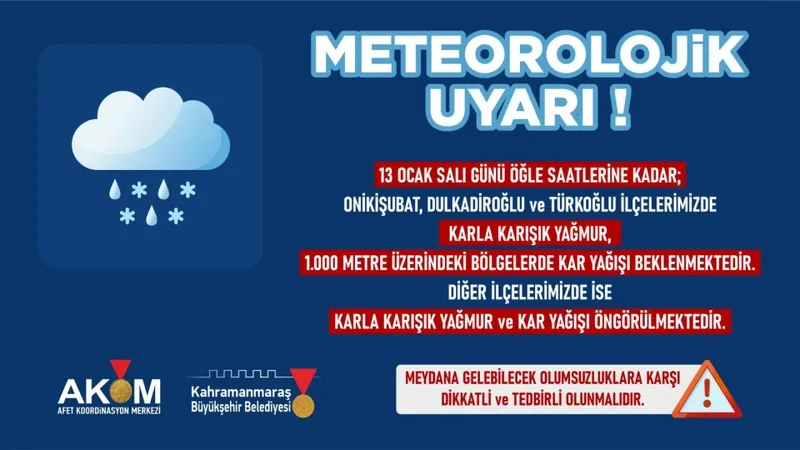 Kahramanmaraş Büyükşehir Belediyesi Afet Koordinasyon Merkezi (AKOM), şehir genelinde etkili olan yağışlı havaya ilişkin bir uyarı yayımladı. Yapılan açıklamada, mevcut olumsuz hava koşullarının 13 Ocak Salı günü öğle saatlerine kadar etkisini sürdüreceği öngörüldü.
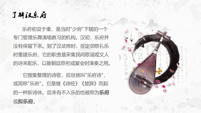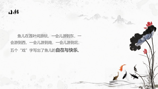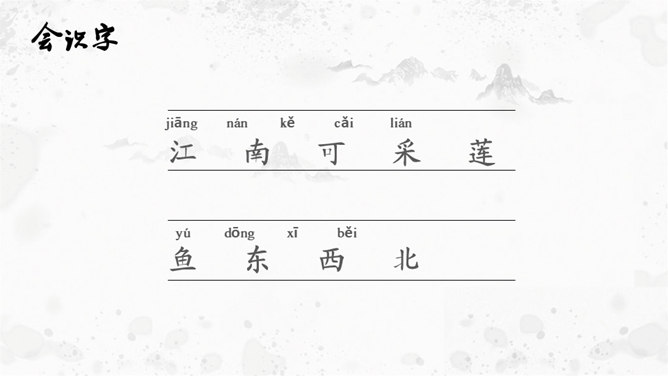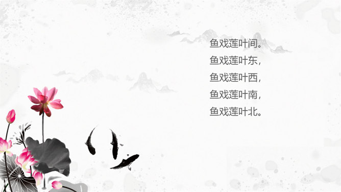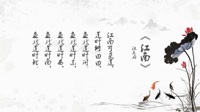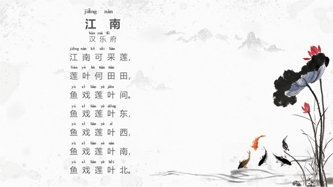 思考:1. 在荷塘里除了荷叶、莲花和莲蓬,还有什么?2. 鱼儿在莲叶间是怎样游动的?哪些地方写出了鱼儿的快乐和自在?鱼儿在莲叶间游玩,一会儿游到东,一会游到西,一会儿游到南,一会儿游到北,五个“戏”字写出了鱼儿的自在与快乐。乐府初设于秦,是当时"少府"下辖的一个专门管理乐舞演唱教习的机构。汉初,乐府并没有保留下来。到了汉武帝时,在定郊祭礼乐时重建乐府,它的职责是采集民间歌谣或文人的诗来配乐,以备朝廷祭祀或宴会时演奏之用。所属专题:江南ppt。
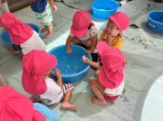 氷遊びとにじみ絵でかき氷づくり♪ たんぽぽ組 (1歳児クラス)
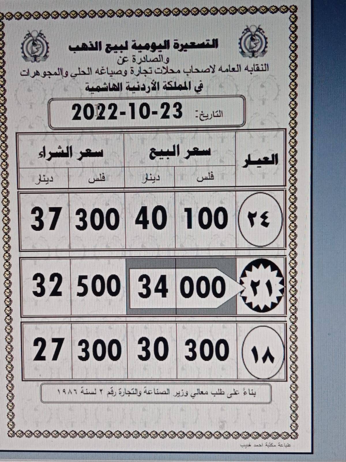 وبلغ سعر غرام الذهب عيار 21 عند 34،00 دينارا، لجهة الشراء من المحلات مقابل 32،50 دينارا لجهة البيع.
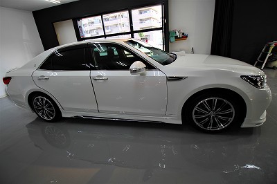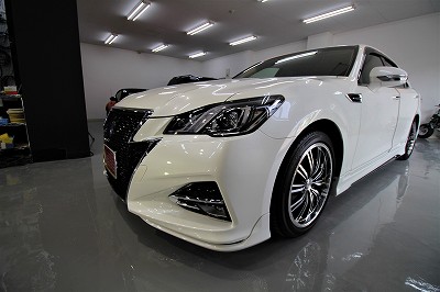 大阪府豊中市よりトヨタクラウンアスリートのご入庫です!ボディカラーはホワイトパール!施工はボディ
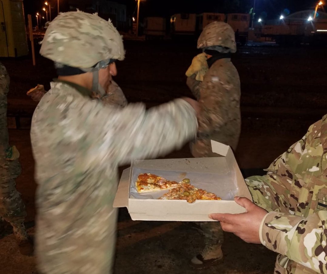 Según publicó Tveo Comodoro alrededor de las 20hs de este miércoles un grupo de vecinos del barrio Los Arenales agradecieron con pizzas, luego de una jornada de duro trabajo, a militares de la IX Brigada Mecanizada abocados a la instalación de un puente en el ingreso al barrio.
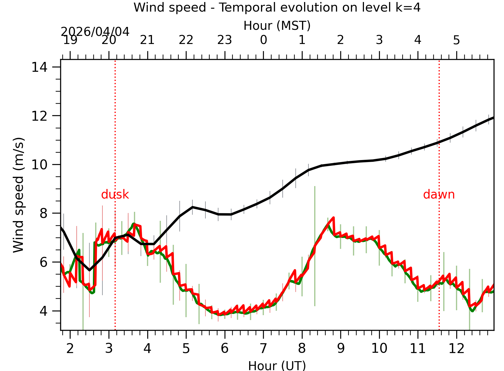 Fig. 5: Wind speed temporal evolution between the sunset and the sunrise at [38-62]m. |
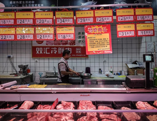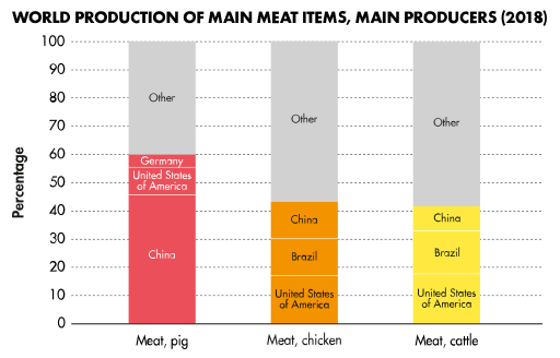2018年,中国猪肉产量占了全球猪肉产量的40%多(最左边红色柱状图) 图/wikipedia
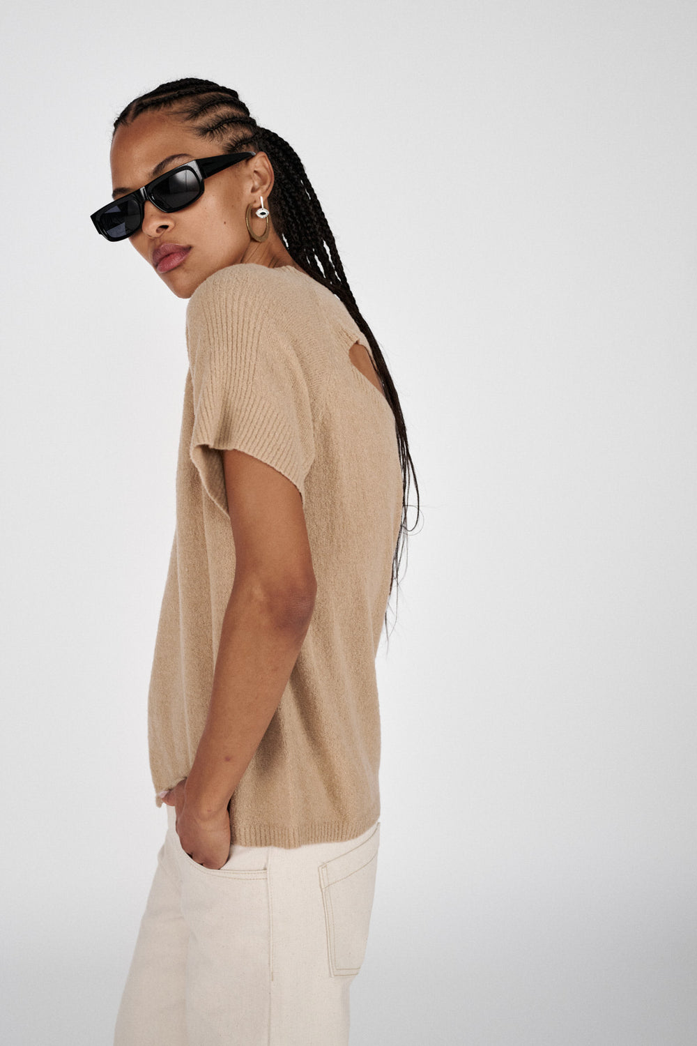 Designet har en afslappet pasform med korte ærmer, ribkantet rund hals og ribstrikkede manchetter og kanter. Den skiller sig ud med en elegant åben ryg, der giver kant til det klassiske item.
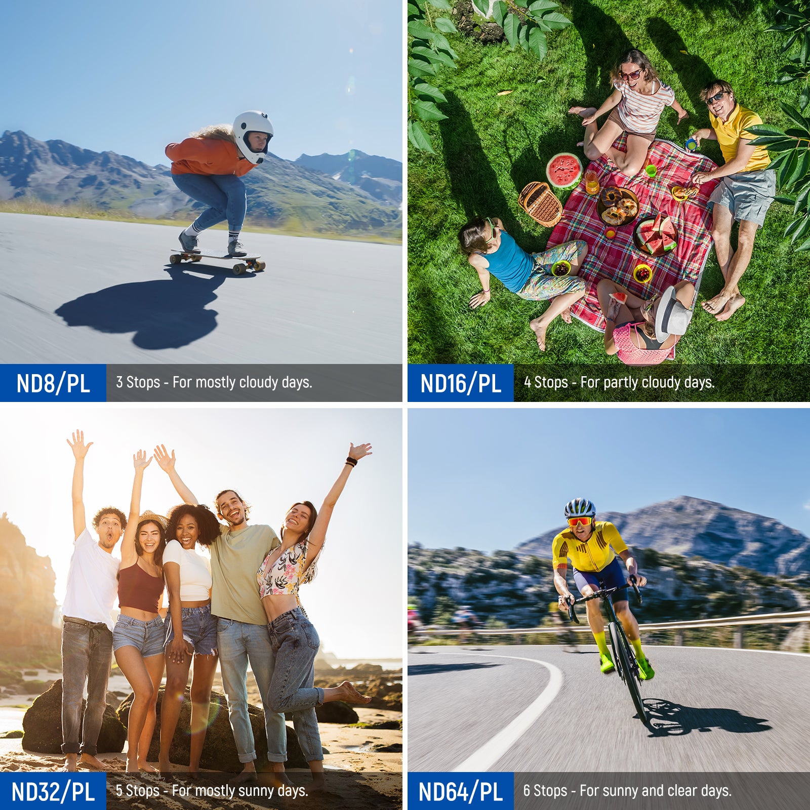 - Effortless Exposure Balance- The filters reduce the light entering the camera by 3, 4, 5, and 6 stops respectively, suitable for long exposure photography on sunny days and bright outdoor conditions. They allow you to shoot at slower shutter speeds with larger apertures and bring expressive motion blur effects on moving subjects
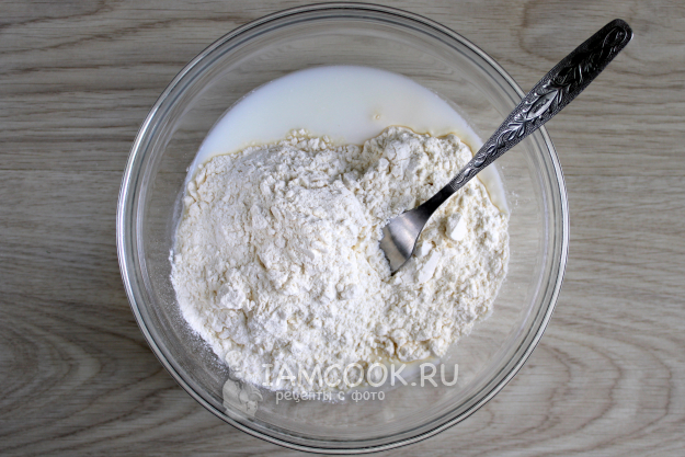 Соедините ингредиенты для теста между собой. Тут айран, соль, мука и растительное масло.
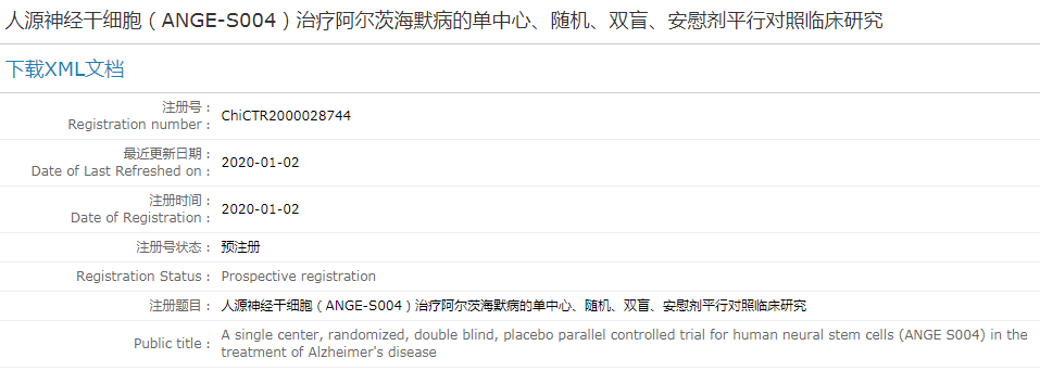 此外,在中國臨床試驗注冊中心也有干細胞治療老年癡呆的項目注冊,例如《人源神經(jīng)干細胞(ANGE-S004)治療阿爾茨海默病的單中心、隨機、雙盲、安慰劑平行對照臨床研究》(ChiCTR2000028744 )。同時(shí),國內還有《宮血干細胞治療輕度阿爾茨海默病的安全性和初步有效性的臨床研究》完成備案。
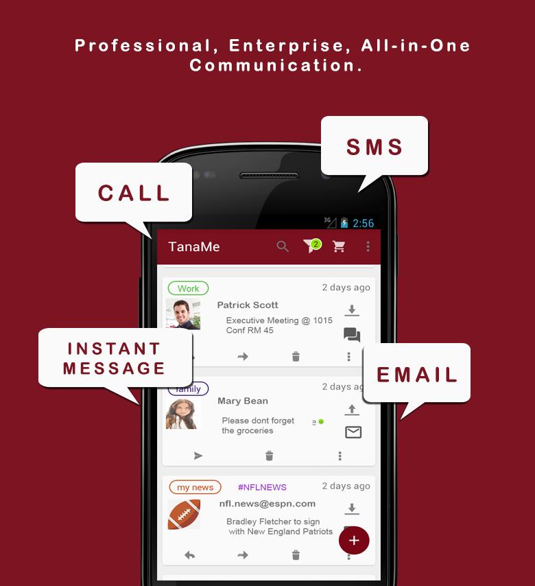 1 clic de navegación: llame, mensaje instantáneo, SMS o correo electrónico sin problemas desde la aplicación TanaMe a través de su cuenta o su operador local.
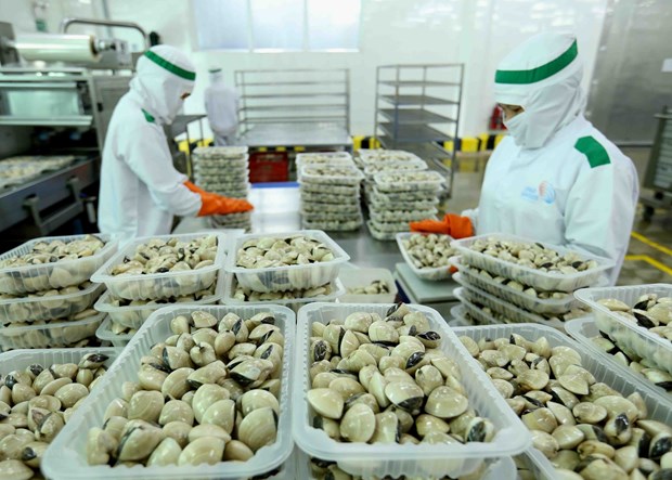 Chế biến ngao xuất khẩu sang EU, Anh, Nhật Bản, Mỹ, Hàn Quốc. Ảnh: TTXVN |

▶ _YOUR GOAL_: Print each line of the listing, starting at its first and ending with the line that holds "氷遊びとにじみ絵でかき氷づくり♪ たんぽぽ組 (1歳児クラス)", but skip any pictures.

▶ _TASK SOLUTION_:
 Kahramanmaraş Büyükşehir Belediyesi Afet Koordinasyon Merkezi (AKOM), şehir genelinde etkili olan yağışlı havaya ilişkin bir uyarı yayımladı. Yapılan açıklamada, mevcut olumsuz hava koşullarının 13 Ocak Salı günü öğle saatlerine kadar etkisini sürdüreceği öngörüldü.
 思考:1. 在荷塘里除了荷叶、莲花和莲蓬,还有什么?2. 鱼儿在莲叶间是怎样游动的?哪些地方写出了鱼儿的快乐和自在?鱼儿在莲叶间游玩,一会儿游到东,一会游到西,一会儿游到南,一会儿游到北,五个“戏”字写出了鱼儿的自在与快乐。乐府初设于秦,是当时"少府"下辖的一个专门管理乐舞演唱教习的机构。汉初,乐府并没有保留下来。到了汉武帝时,在定郊祭礼乐时重建乐府,它的职责是采集民间歌谣或文人的诗来配乐,以备朝廷祭祀或宴会时演奏之用。所属专题:江南ppt。
 氷遊びとにじみ絵でかき氷づくり♪ たんぽぽ組 (1歳児クラス)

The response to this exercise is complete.